Wednesday, November 24, 2010

Non-verbal blog. At night, the other me emerges.




From this horrible witch's brew of the id at night-- comes the calm and collected speaker?
... I have not been asked to speak anywhere for some weeks.

You don't suppose they found out? :)

12 comments:

benjibopper said...

Funny I just had a reading cancelled and got all insecure about: maybe it was me? Still don't know for sure, but they say it's just postponed.

benjibopper said...
This comment has been removed by the author.
ivan@creativewriting.ca said...

Chris,

Very likely postponed. I found at one of your readings that I attended the warmest, most gemutlich place in Toronto at the time.
You got charm,you got talent and you got class.

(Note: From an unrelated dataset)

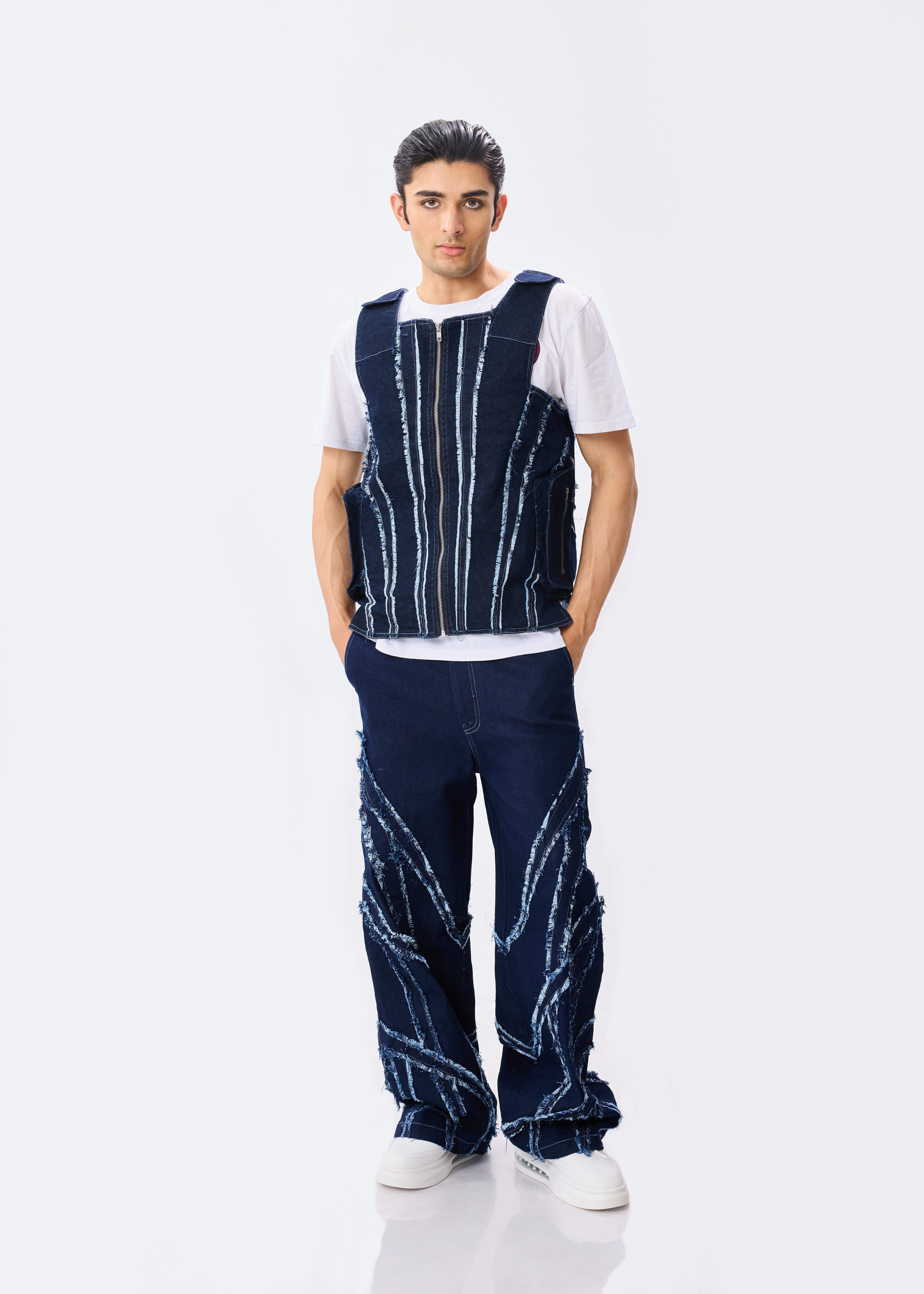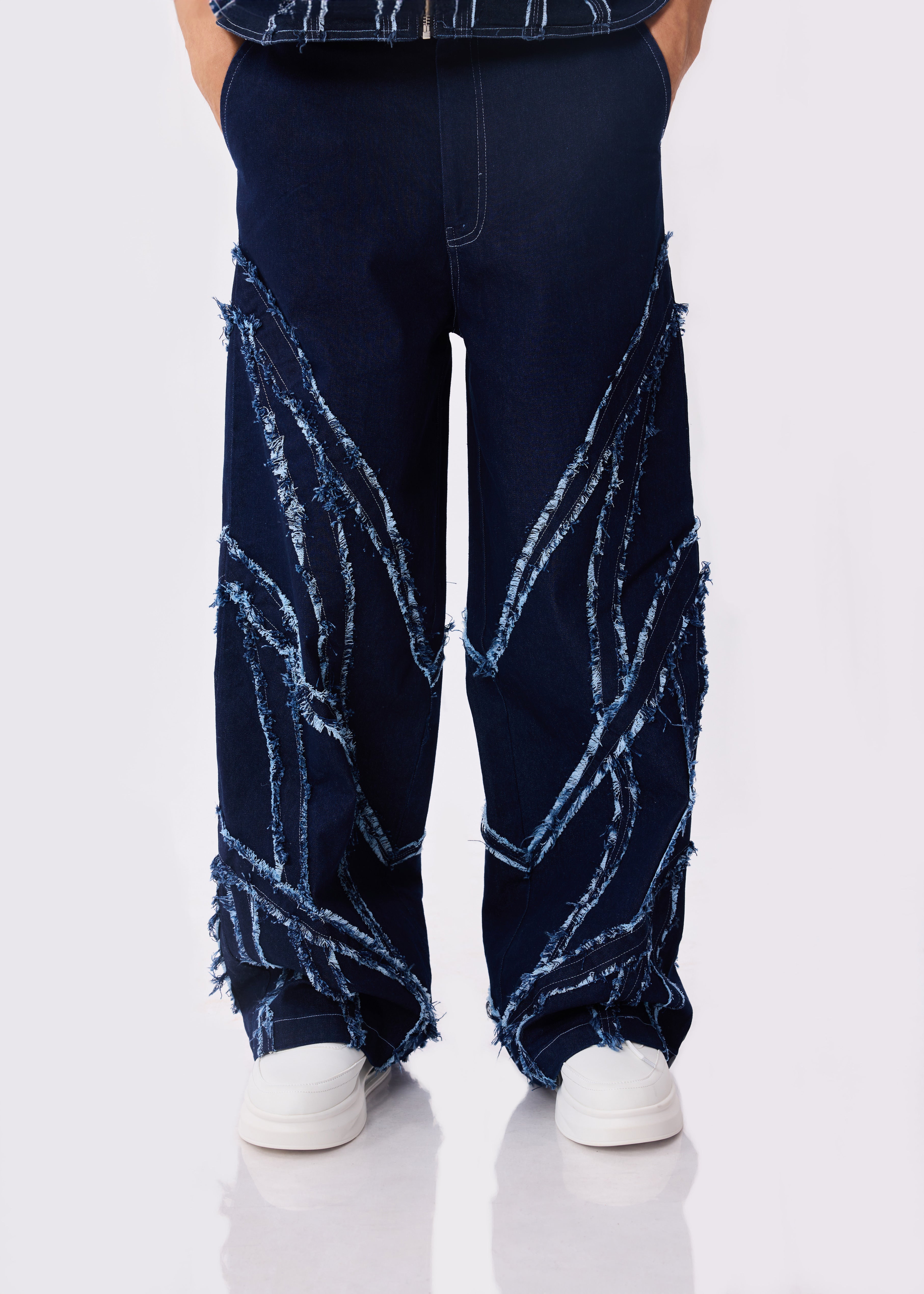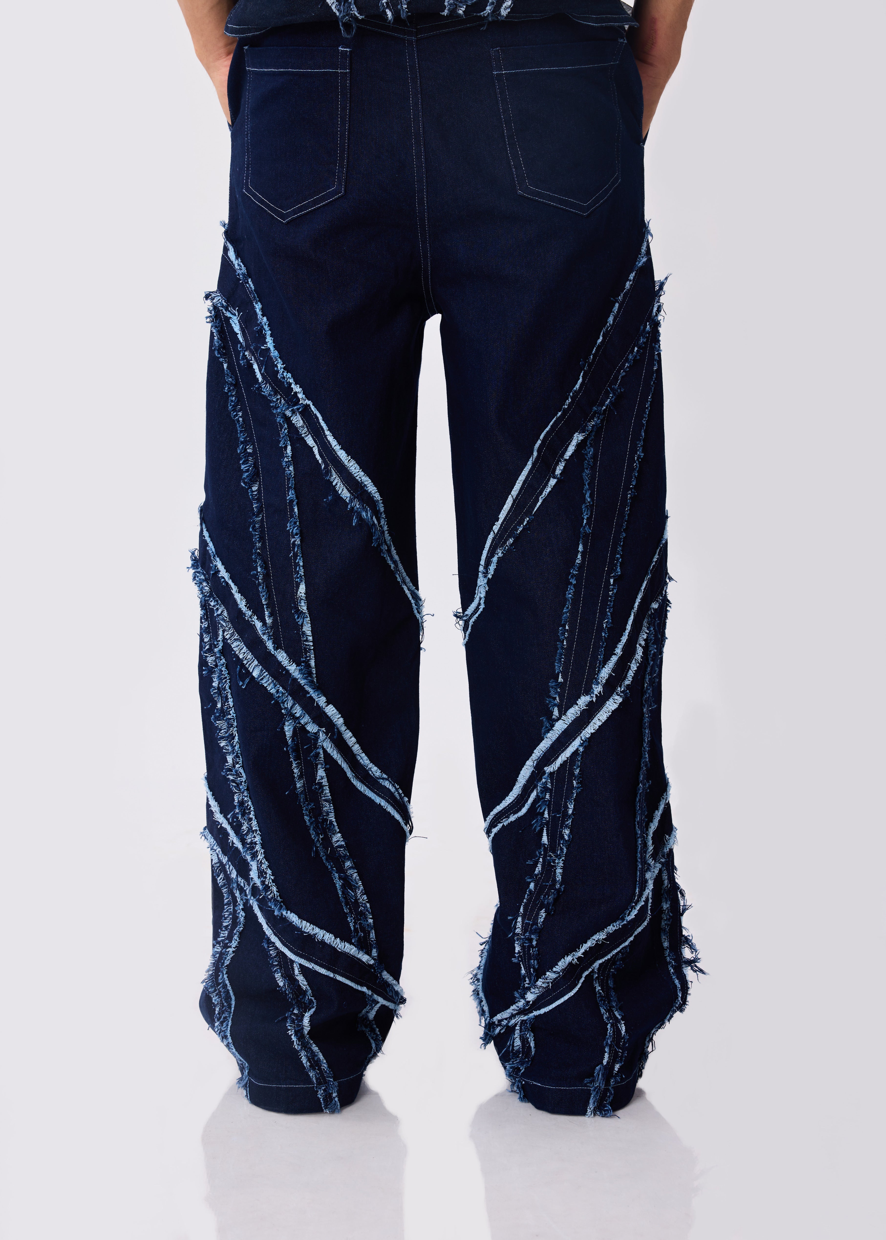 Made in premium raw denim fabric, this pair of jeans features unique panels of denims patched one on top of another to give an illusion, with raw edges and loose threads to give it a rugged look.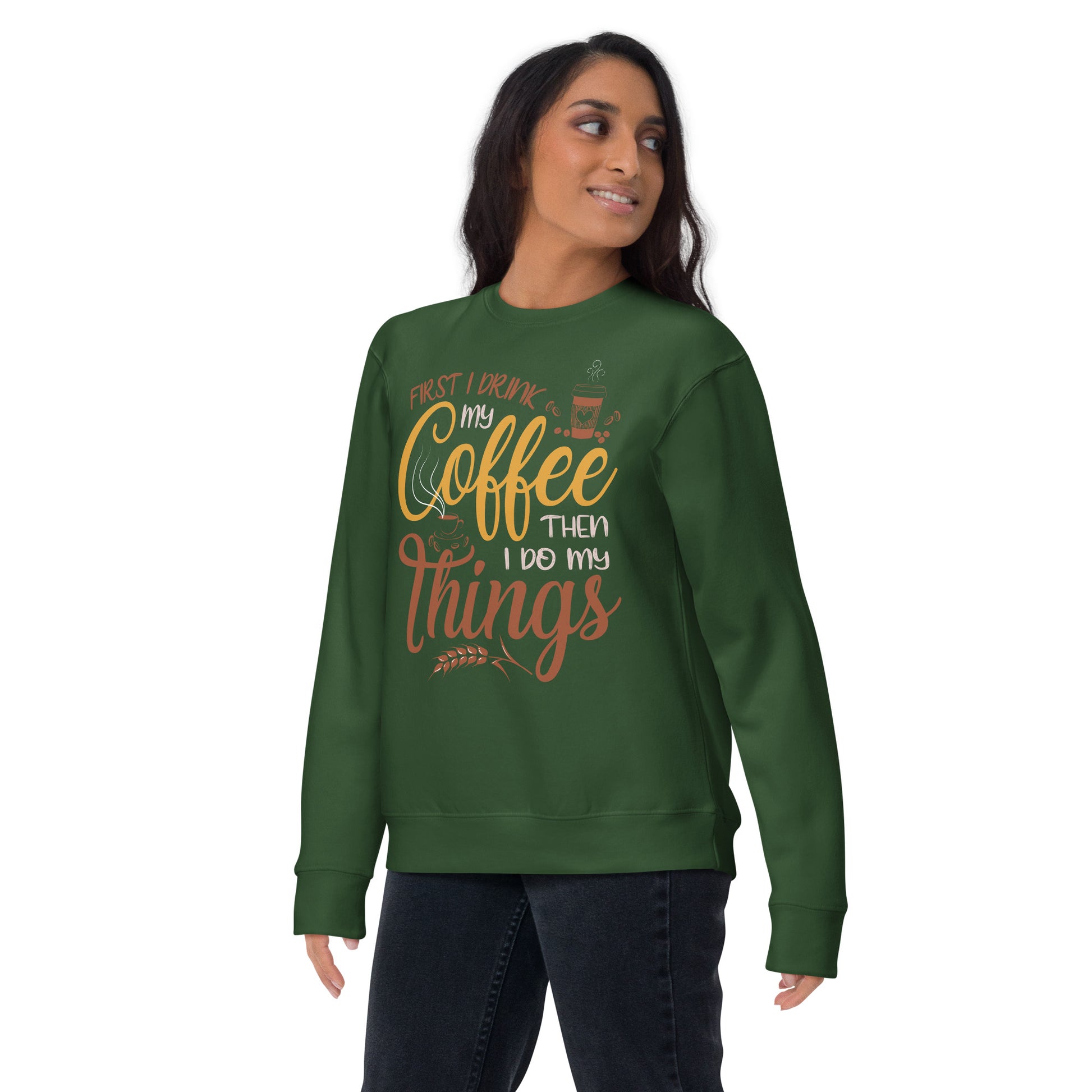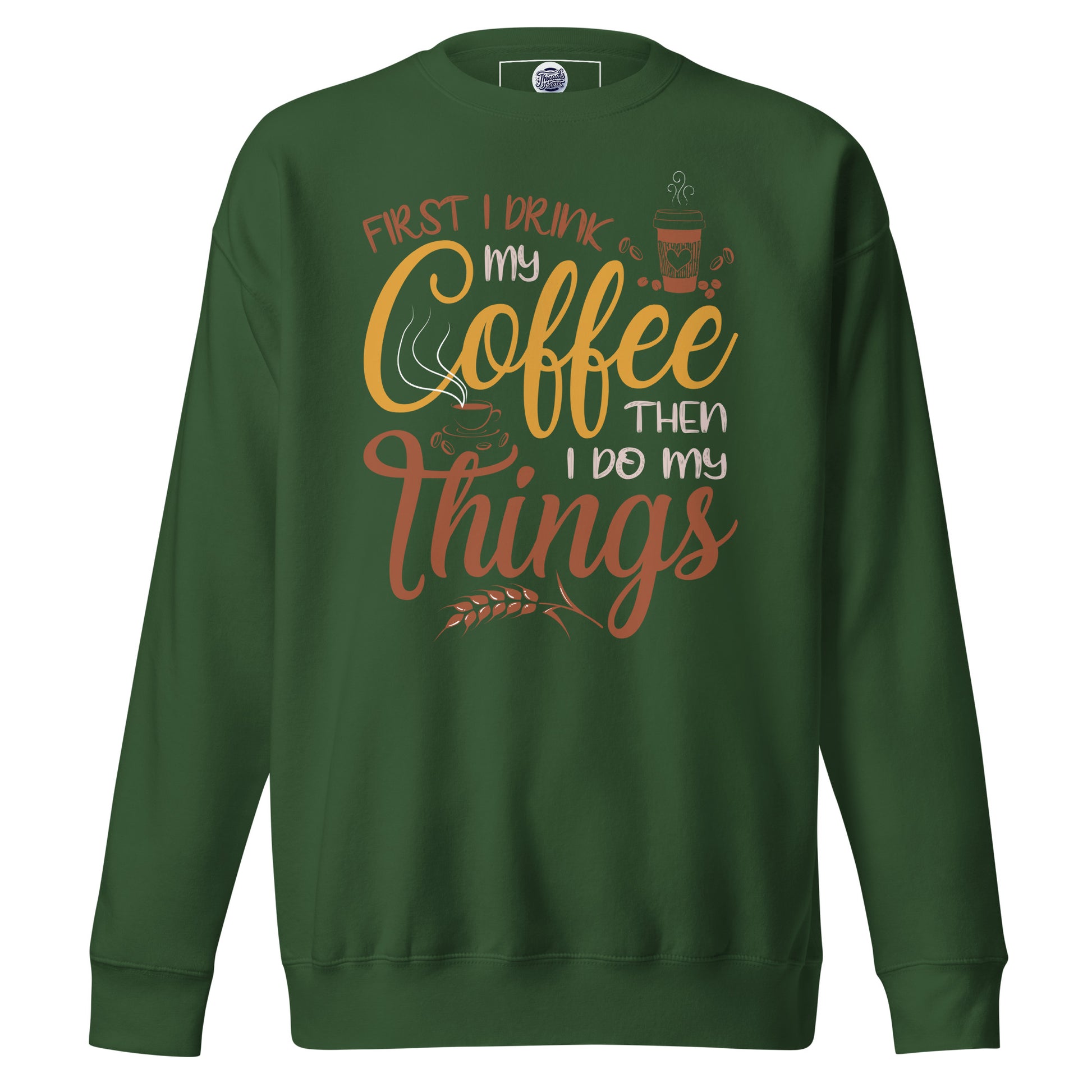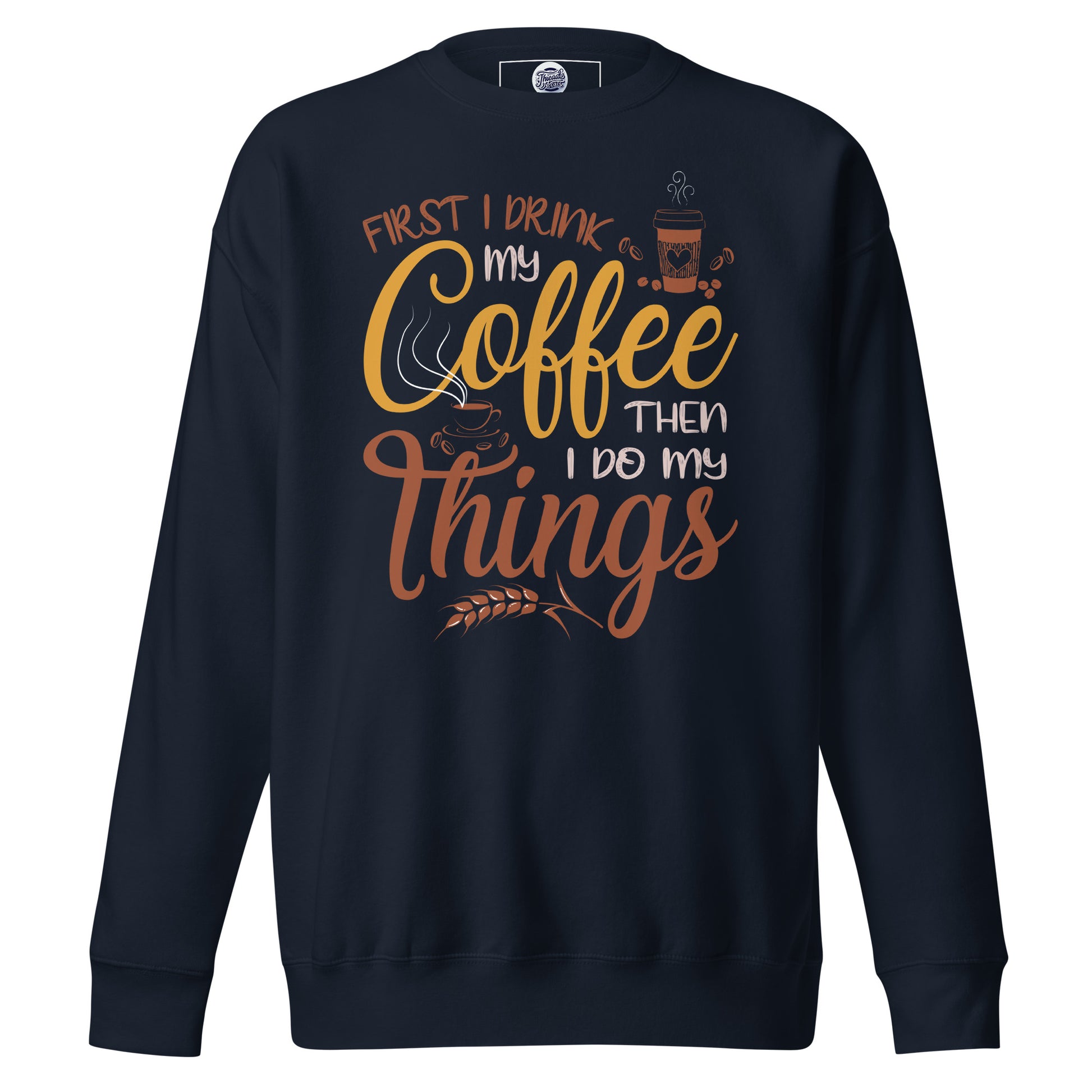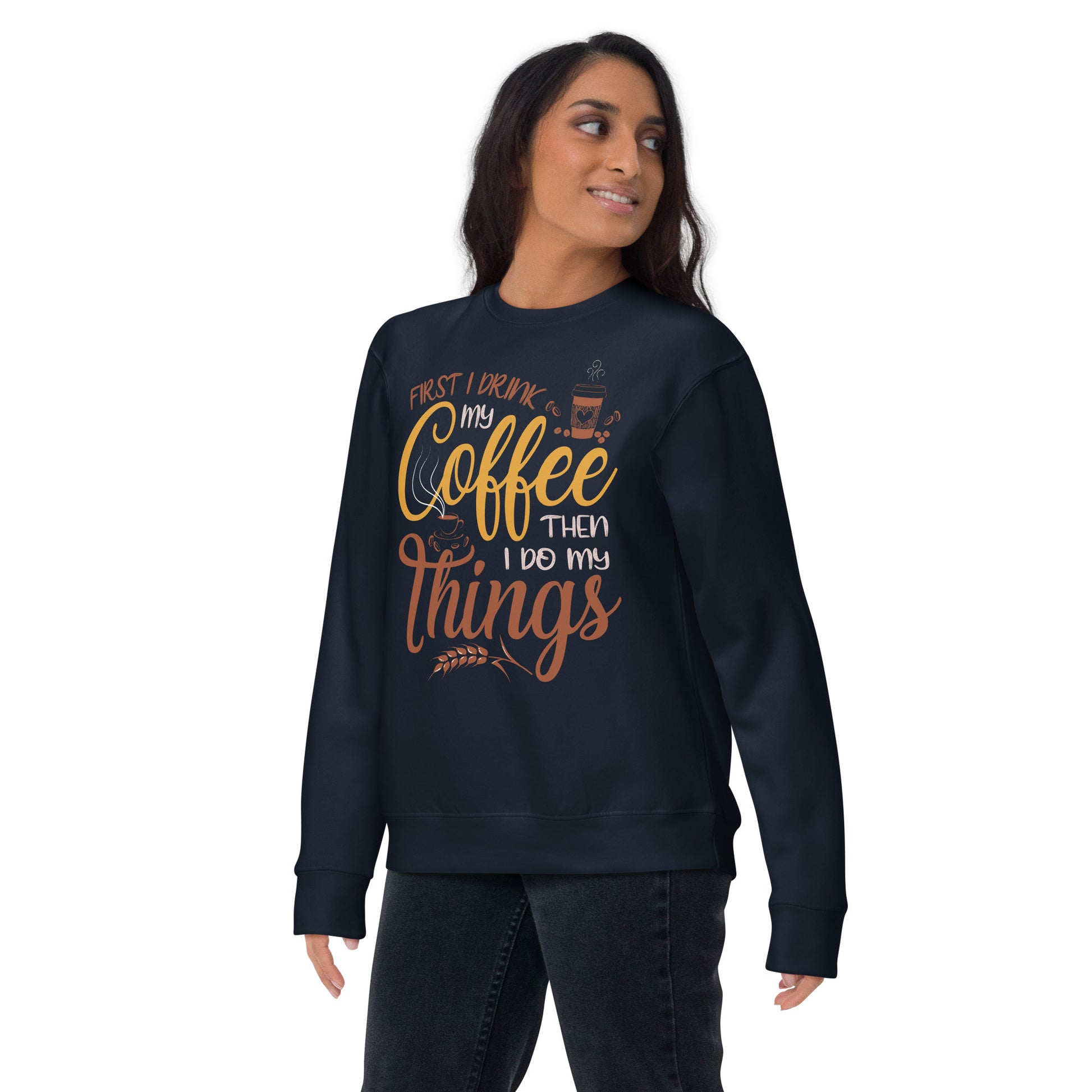 Embrace your inner morning ritual with our "Caffeine Mantra Sweatshirt," where priorities are as clear as black coffee! This is the garment that coffee lovers have bean dreaming of – it's where comfort meets the unabashed truth of daily life. The script flows like the perfect pour-over, proclaiming, "First I Drink My Coffee, Then I Do My Things." It’s not just a piece of clothing, it's your daily agenda written in bold script for the world to see. Perfect for the planner, the achiever, the caffeine connoisseur who knows the day only starts after that first magical sip. Wear this manifesto of motivation and declare your love for the brew that powers you through. Rock a classic sweatshirt silhouette with ribbed crew neck, long sleeve cuffs, and a flat hem. Layer it up or wear it on its own for a contemporary streetwear look. With the soft fleece inside and comfortable fit, it’s sure to become your favorite everyday sweater right away!

As for me, I don't know what it is.
I think I ain't got no class.
At one speech, I made the mistake, I think, of using the H-word to describe my W.W.II experiences.
May have put the audience in a down mood.
This time around, I was invited to only be part of the audience. "You can speak if you wish."
Who me? God's chosen to "speak if I wish?"
Outrage.
Do they not know who I am?
Are they blind, lazy or just stupid? :)
I had half a mind to take off my shirt at my next reading.
I have a picture of the Stars and Stripes tattoed on my chest. Along my back, a fox hunt is in full progress.
With the hounds in hot pursuit, the fox starts to disappear into my major aperture.
Can you top this, next poetry reader?
Outraged ego.

Felt like then doing a Blind Melon Chitlin, out of Cheech and Chong!

Like Socrates.

I quote that old adept out of context:

"I will now offer a cock to the god Asclepius!"

"Speak if you want to?"

Do they not understand?

I am god, lightning will strike them!

Sodomize the MC!

(Hm. Maybe that's why). :)

JR's Thumbprints said...

Ivan, I'm sure you're much more entertaining than I. All you need is for someone like me to go first, that way you'll look like a mighty frickin' genious -- that is, if they don't think I'm your son.

ivan@creativewritng.ca said...

They might indeed think you are my son, Jim.

You look exactly like me, though 25 years younger! How do we explain that? :)

Mona said...

JR is a doppelganger??

Maybe they got cold feet!

ivan@creativerwiting.ca said...

Mona,

JR is my doppelganger, and I am Otto Rank.
Rank indeed!

(I think it was Otto Rank who wrote about the first Doppelganger):)

ivan@creativewriting.ca said...

Mona,

Possibly cold feet.

At the end of my speech, the MC seemed sort of, uh, stunned.

--Or maybe he couldn't believe what he was hearing...:)

Charles Gramlich said...

Looks like you know how to handle a mic there. At least you're not holding it backward! :)

ivan@creativewriting.ca said...

Charles,

Reminds me of a second-hand, backard-facing "Newfie pistol", for sale and "used only once."

benjibopper said...

Thanks Ivan, I'm sure you're right about the postponed.

But in your case, you didn't take knock 'em dead literally did you?

ivan@creativewriting.ca said...

Benji,

Throughout the speech, there was the occasional "Hey, Hey!"